Pictures are to be left out; every line from the one that holds "Города, представленные в" to the end of the data is to be retyped exactly.

* [Recorded information]
▼
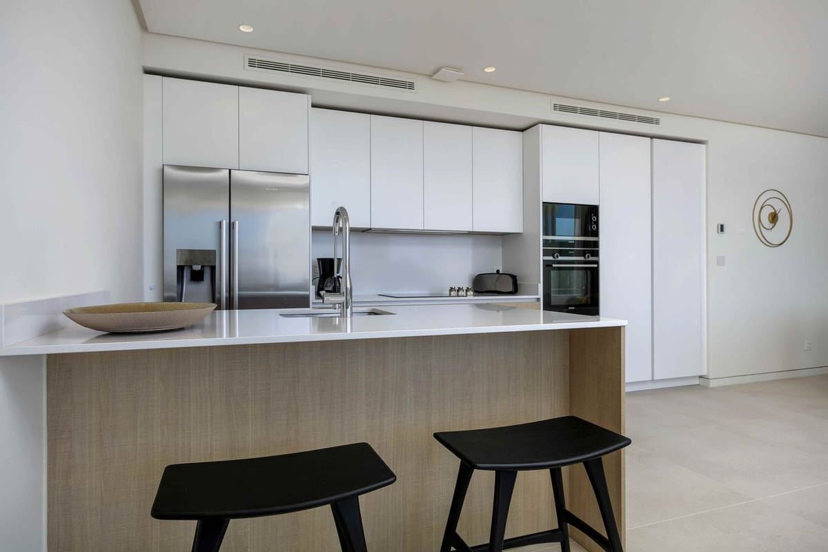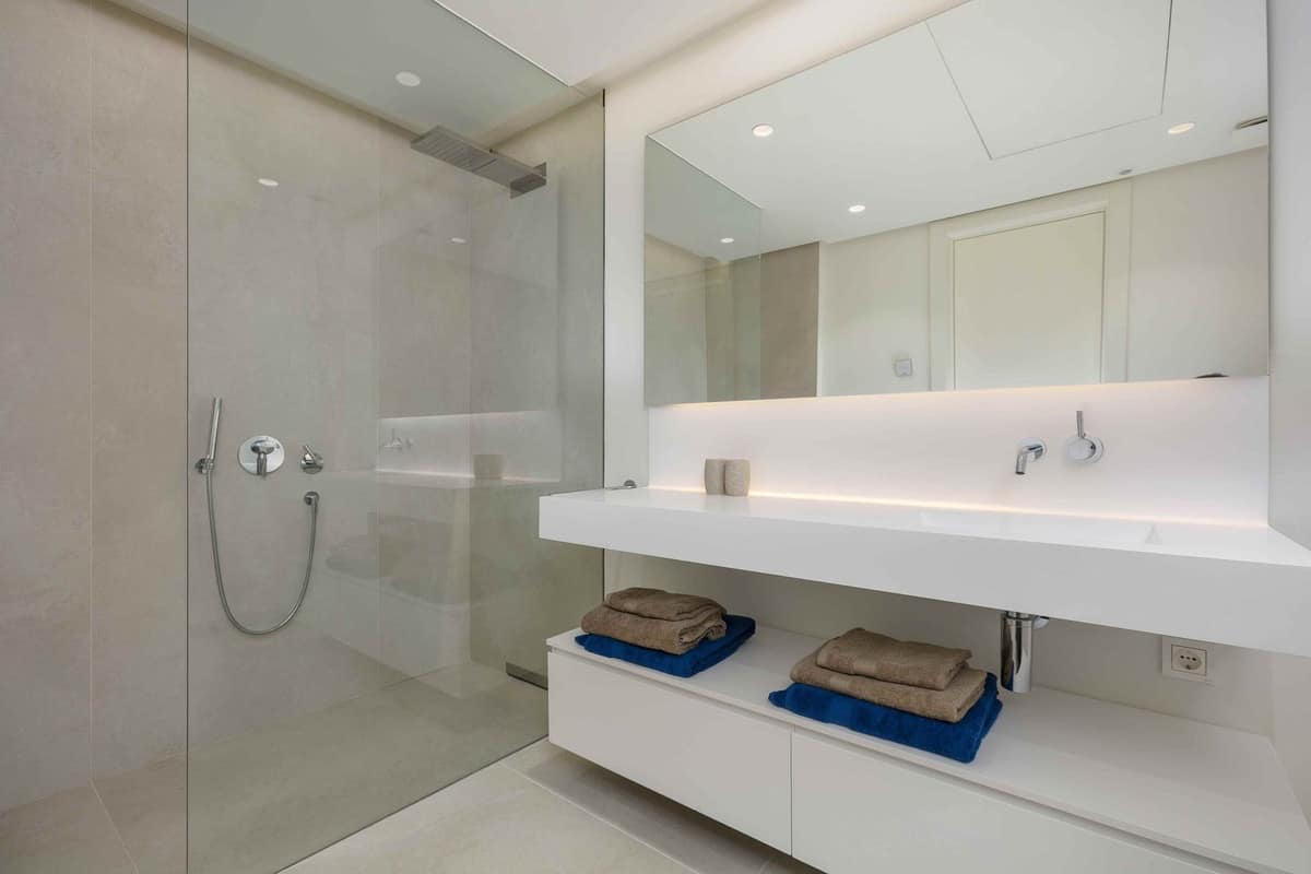 The apartment features a beautifully appointed master bedroom with an elegant en-suite bathroom, while the second bedroom is served by a separate bathroom conveniently located opposite. Both bathrooms are finished to a high standard and feature underfloor heating and luxurious walk-in showers, ensuring year-round comfort and a refined spa-like experience.
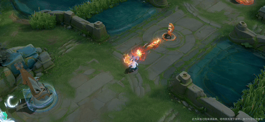 四技能开大敖隐化身为龙,搭配哪吒混天绫一同飞行,且还融入了火烧云与双色能量交织,复刻电影决战氛围,屏幕边缘凝结冰霜,地面展开盘龙法阵,浮现出陈塘关远景与悬浮灵珠。
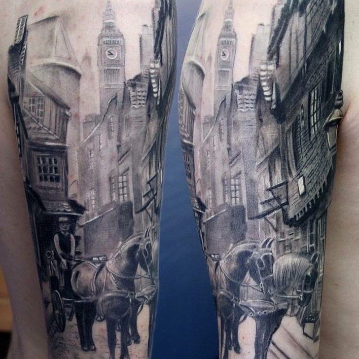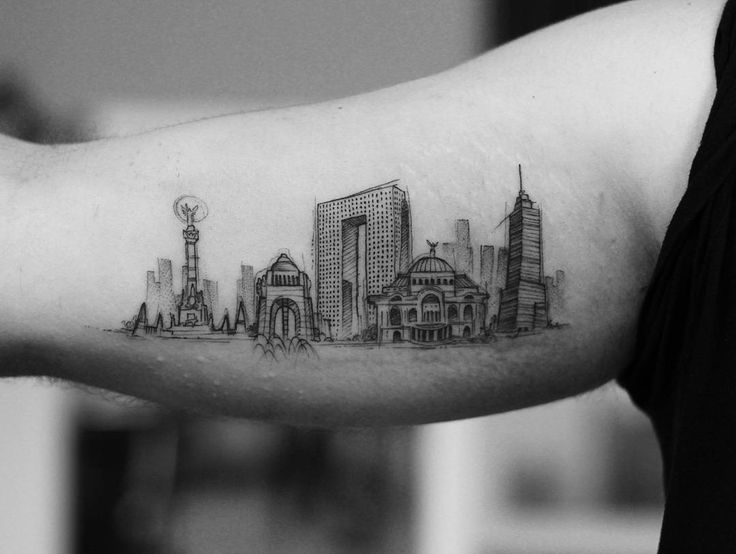 Города, представленные в татуировках, почти всегда выполнен черными чернилами. Если мы хотим выделить только силуэты, здание или что-то интересное, то черных линий будет достаточно. Это самый распространенный способ, хотя и не всегда, но здания обычно не имеют ярких или характерных тонов, поэтому в целом они не используются. Как видим, силуэты городов и даже зданий можно детально представить без добавления цвета. Не забывайте, что города почти всегда ассоциируются с оттенками серого.
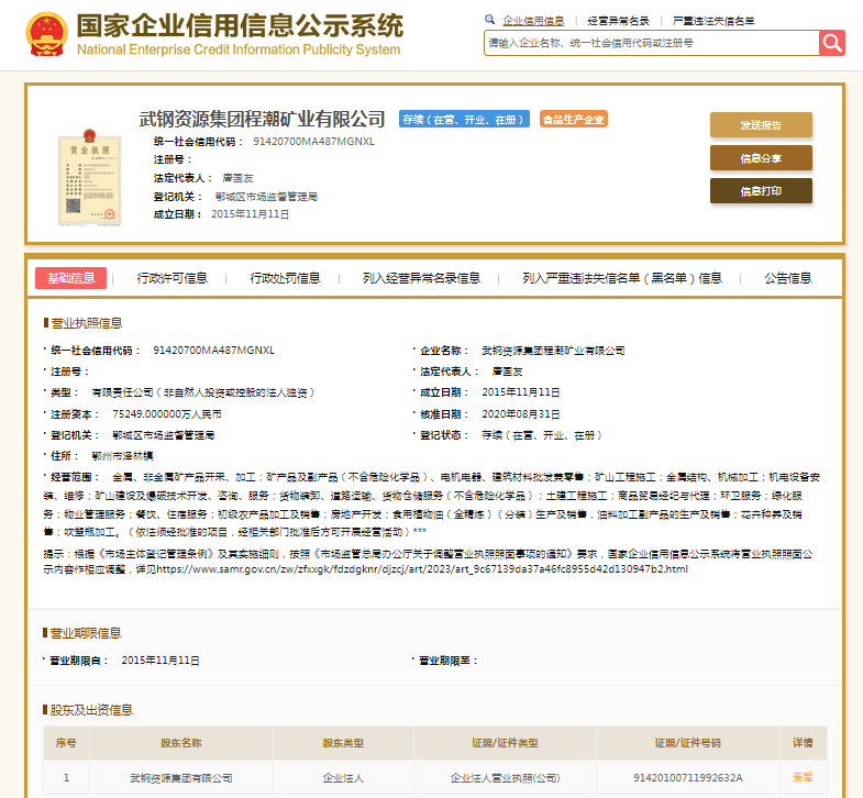 国家企业信用信息公示系统显示,武钢资源集团程潮矿业有限公司成立于2015年,注册资本75249万元人民币,法定代表人为唐国友,由武钢集团全资子公司——武钢资源集团有限公司全资持股。
▲
* [Expected answer]
 Города, представленные в татуировках, почти всегда выполнен черными чернилами. Если мы хотим выделить только силуэты, здание или что-то интересное, то черных линий будет достаточно. Это самый распространенный способ, хотя и не всегда, но здания обычно не имеют ярких или характерных тонов, поэтому в целом они не используются. Как видим, силуэты городов и даже зданий можно детально представить без добавления цвета. Не забывайте, что города почти всегда ассоциируются с оттенками серого.
 国家企业信用信息公示系统显示,武钢资源集团程潮矿业有限公司成立于2015年,注册资本75249万元人民币,法定代表人为唐国友,由武钢集团全资子公司——武钢资源集团有限公司全资持股。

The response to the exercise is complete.